When it comes to saving, why can robots do a better job than we can? The main explanation is that we “think” and therefore are influenced by many of our behavioural prejudices when making decisions.
1. We are overconfident
According to different polls, more than two-thirds of people assume they are better than average drivers, attorneys, physicians, or whatever occupation they are in. This isn’t the case. Similarly, we assume we are superior to the average investor. The guy selling you (or buying from you) is probably thinking the same thing. Not only that, but we also exaggerate our willingness to take chances. Investors hope that by taking more chances, they would be able to withstand market conditions.
2. We have a strong aversion to loss
Do you realise that the level of unhappiness we experience due to a 20% loss is much greater than the happiness we experience as a result of a 20% gain? We find it very difficult to persevere in the face of setbacks. What is it about fixed deposits that make them so popular? Since you don’t anticipate a negative balance. You can believe that you can easily live with a temporary 20% loss – please refer to point 1. We don’t even know who we are.
3. We procrastinate
Do you have any idea when people start saving for taxes? When the HR guys ask for tax proofs at the last minute. We have a clear preference for priority over urgency. Saving money isn’t urgent, and it doesn’t have immediate gratification. We put it off until later, which never comes. SIPs have become very common in recent years because investors do not have to take any action. If you try to do a SIP by hand for a year, you will miss most of them.
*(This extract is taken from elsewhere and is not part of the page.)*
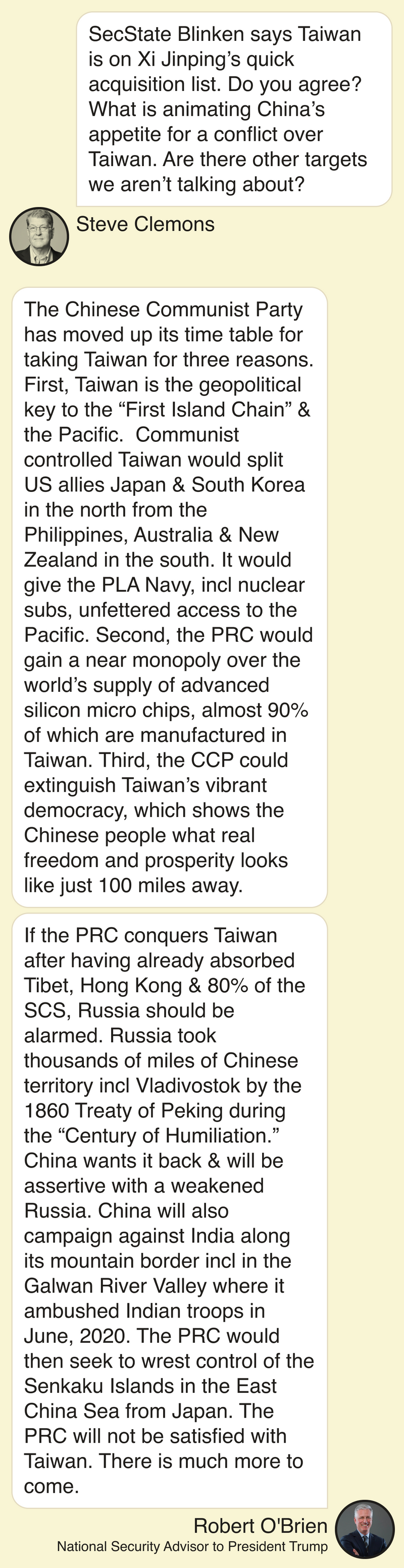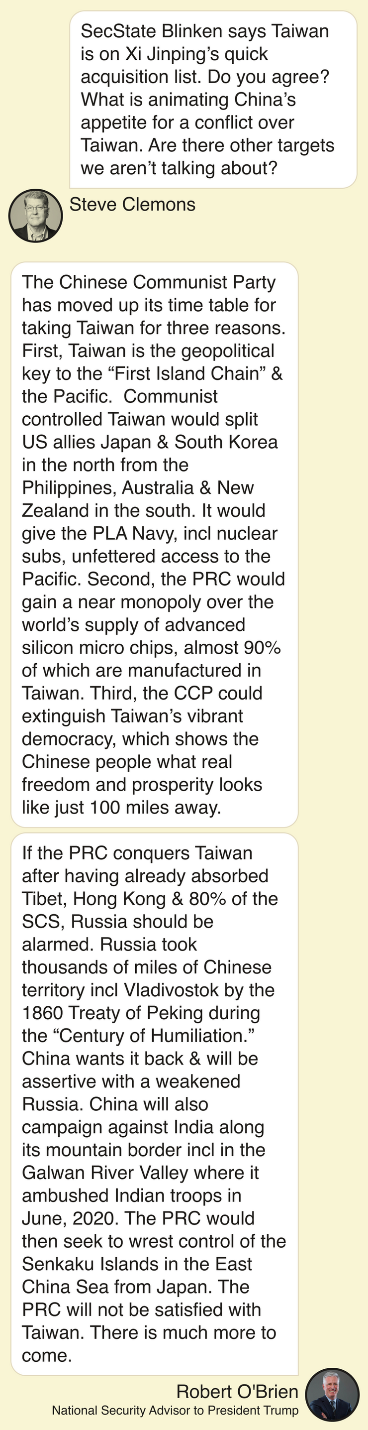 In a text to Semafor’s editor-at-large Steve Clemons, President Trump’s last national security adviser, Robert O’Brien, had an ominous warning for Russia. If China succeeds in retaking Taiwan, he predicted, it will then come for thousands of miles of territory that Russia absorbed after the 1860 Treaty of Peking during what is referred to in China as the “Century of Humiliation.”
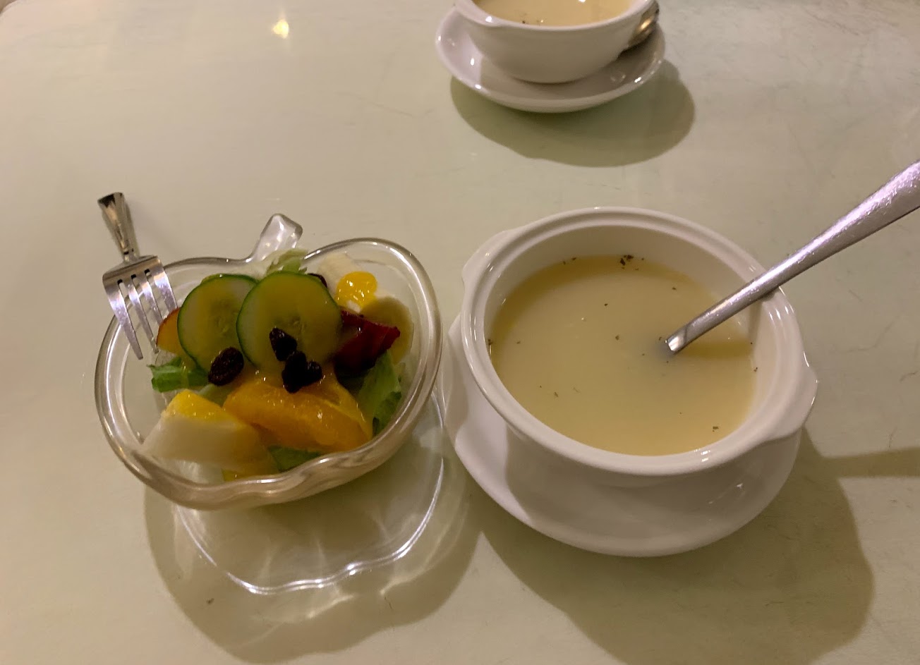首先沙拉的洋蔥搭上鮪魚很清爽,濃湯也很好喝,然後必須強調主餐的焗烤的部分超好吃!而且份量很足男生也可以吃飽,料也很多,奶油嫩雞的雞很好吃,奶油吃到後面也不會膩,加直麵很適合。牛腩的肉很嫩又很香,加上醬汁很好吃,不過下次可能會想試試搭直麵。

4. We cannot foresee a longer duration
We grossly underestimate the worth of money in terms of time. We understand compound interest, but it’s difficult to visualise its effect over some time, such as 25 years. Similarly, though we understand inflation, estimating how much a loaf of bread will cost us in 25 years is challenging. You can do the mental math now to figure it out, but the point is that we don’t do it when making critical financial decisions.
5. We cannot do mental accounting
Buying and selling investment goods necessitates a great deal of math. You must account for transaction costs, tax accounting, and product valuation, among other things. And the most creative minds can’t account for all of the variables.
Calculations are what machines are designed to do.